Является посадница в черной одежде с белым платком на голове. Во сне является недугующим и посылает на могилу свою. Идут. Молятся. И выздоравливают.

Марфа-заступница! Марфа – помощница всем новгородцам! Лукавым, не исполнившим обещания, Марфа мстит. Насылает печаль еще горшую.

В старую книгу при млевской церкви иереи вписали длинный ряд чудес Марфы. Простодушно вписали вместе с известиями об урожаях, падежах, непогодах.

С Тверской стороны не являются на могилу Марфы. Обаяние ее туда не проходит. К посаднице идут только от новгородских пятин. Идут, почему не знают. Служат молебны. Таинственный атавизм ведет новгородцев ко млевской могиле.

Когда речь идет о национализме искусства, вспоминаю этот путь новгородцев. Мы мало различаем чванный пестрый национализм от мистики атавизма. Пустую оболочку – от внутренних нитей. Мешаются часто последовательности, племенная и родовая.

Уже не смеемся, а только не доверяем перевоплощению. С недоумением подбираем «странные» случаи. Иногда страшимся их. Уже не бросаем их в кучу, огулом. То, что четверть века назад было только смешно, теперь наполняется особым значением.

Новые границы проводятся в искусстве. Пестрый маскарад зипуна и мурмолки далеко отделяется от красот старины в верном их смысле. Привязные бороды остаются на крюках балагана.

Перед истинным знанием отпадут грубые предрассудки. Новые глубины откроются для искусства и знания. Именно атавизм подскажет, как нужно любить то, что прекрасно для всех и всегда. Чарами атавизма открывается нам лучшее из прошлого.

Заплаты бедности, нашивки шутовские нужно суметь снять. Надо суметь открыть в полном виде трогательный облик человеческих душ. Эти образы смутно являются во сне, – вехи этих путей наяву трудно открыть.

Время строить сущность земли. Под землю не спрятать того, что нужно народу. Незнаемый никем склеп Новгород помнит. Славит хозяйку.
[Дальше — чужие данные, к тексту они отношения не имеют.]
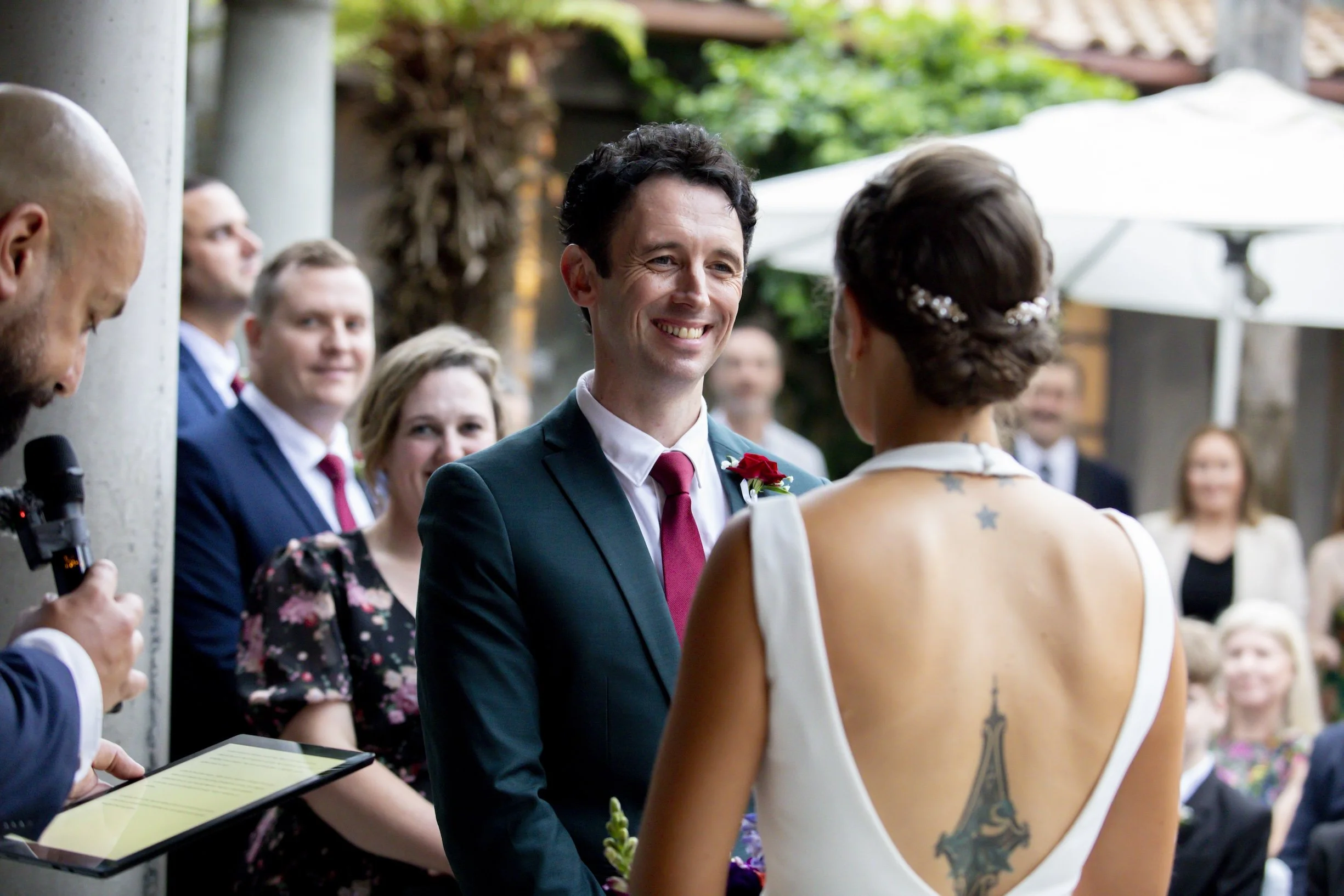 Our celebrant and MC, Nate Dunn, had the job from the moment he said, “The bride usually does all the work — I want to look after her.” Music to my ears. We didn’t have a planner, so Nate was invaluable. Even when Dan misspelled my middle name on the marriage certificate (his one job), Nate calmly fixed it.

Тайком служит молебен.

Марфа, сильная духом, нам помоги.

Старинный совет

В одной старинной итальянской рукописи, кажется, пятнадцатого столетия, – начальные страницы и все украшения книги были вырваны благородною рукою любителя библиотек, – простодушно рассказывается о том, как пришел ученик к учителю-живописцу Сано-ди Пиетро за советом о своей картине.

Учитель трудился над спешной работой и не мог придти на зов ученика, начавшего самостоятельную картину «Поклонение волхвов» для небольшой сельской церкви Сиеннского округа.

Учитель сказал:

– Мой милый, я дал слово настоятелю Монтефалько не покидать своего дома, пока не закончу заказанное им «Коронование Пресвятой Девы». Но скажи, в чем сомнения твои. Я боюсь, не слишком ли долго проработал ты у меня, – что теряешься теперь перед своею работой.
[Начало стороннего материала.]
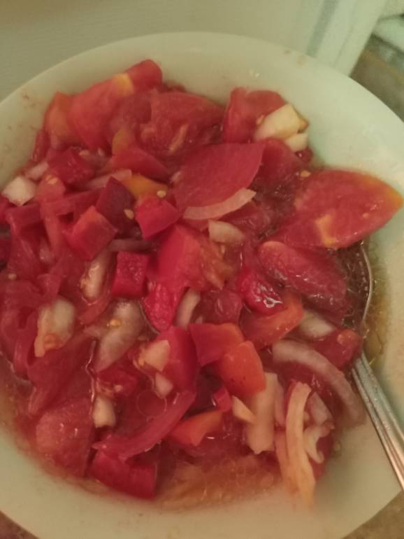 С утра варила булгур, делала салат из помидоров, перца с луком и маслом. Был суп. Свекровь принесла жареную рыбу и вареные яйца.

– Почтенный учитель, – сказал ученик, – картина моя сложна, и трудно мне сочетать отдельные части ее. Как лучше писать темную оливковую рощу на красноватом утесе вдали. Видны ли там стволы деревьев и насколько отчетлив рисунок листвы?
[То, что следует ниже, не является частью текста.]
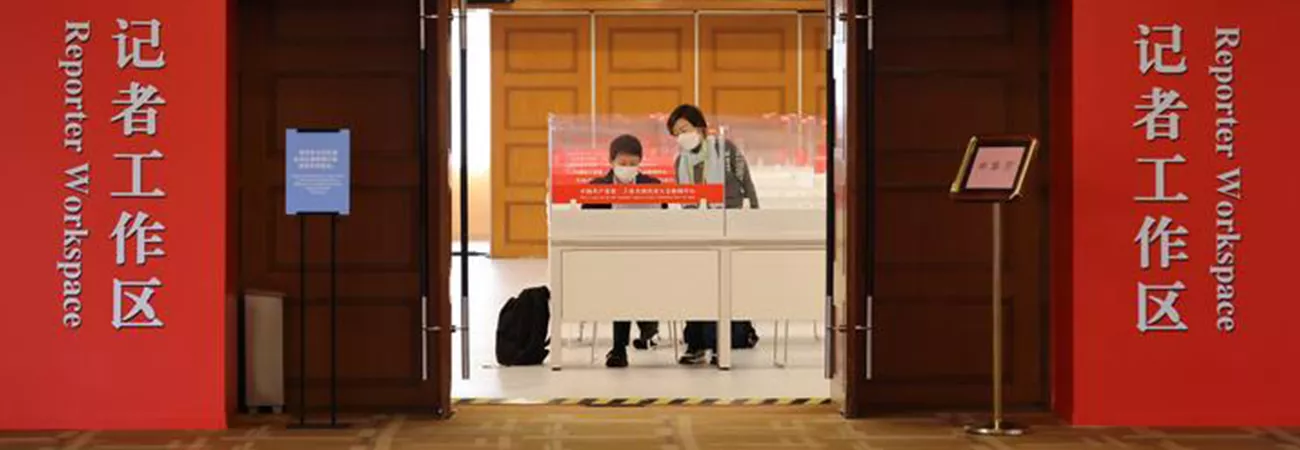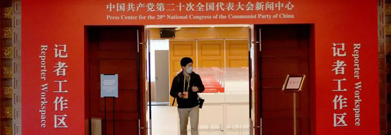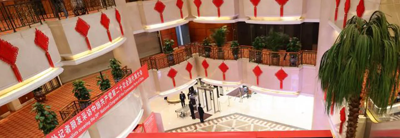 چین کے دارالحکومت بیجنگ میں کمیونسٹ پارٹی آف چائنہ (سی پی سی) کی 20 ویں نیشنل کانگریس کے پریس سنٹر میں نامہ نگاروں کیلے مختص جگہ کا ایک منظر۔(شِنہوا)

– Мой милый, пиши так, как нужно тебе.

– Плащ Богородицы полон золотого рисунка. Лучше ли перебить его мелкими складками или навести рисунок в больших плоскостях?

– Сделай его так, как нужно тебе.

– Почтенный учитель, ты слишком занят превосходною работой своей, я лучше помолчу до времени ближайшего отдыха.

– Мой милый, я не думаю отдыхать скоро, а тебе нельзя терять время, если в картине твоей так много неоконченного. Я все слышу и отвечаю тебе, хотя и с некоторым удивлением.

– Головы воинов, сопровождающих царей, многочисленны; найти ли для них общую линию или дать каждую голову и из частей получить абрис толпы?

– Просто так, как тебе нужно.

– Я сделал кусты на дальних полях и полосами струи реки, но захотелось дать их отчетливо, как только иногда видит свежий глаз. Захотелось в воде увидеть волны и челнок на них и даже весло в руках гребца. Но ведь это вдали?

– Нет ничего проще; сделай так, как нужно.

– Учитель, мне делается страшно. Может быть, все-таки скажешь мне, стоит ли короны царей сделать выпуклыми или только для венцов оставить накладное золото?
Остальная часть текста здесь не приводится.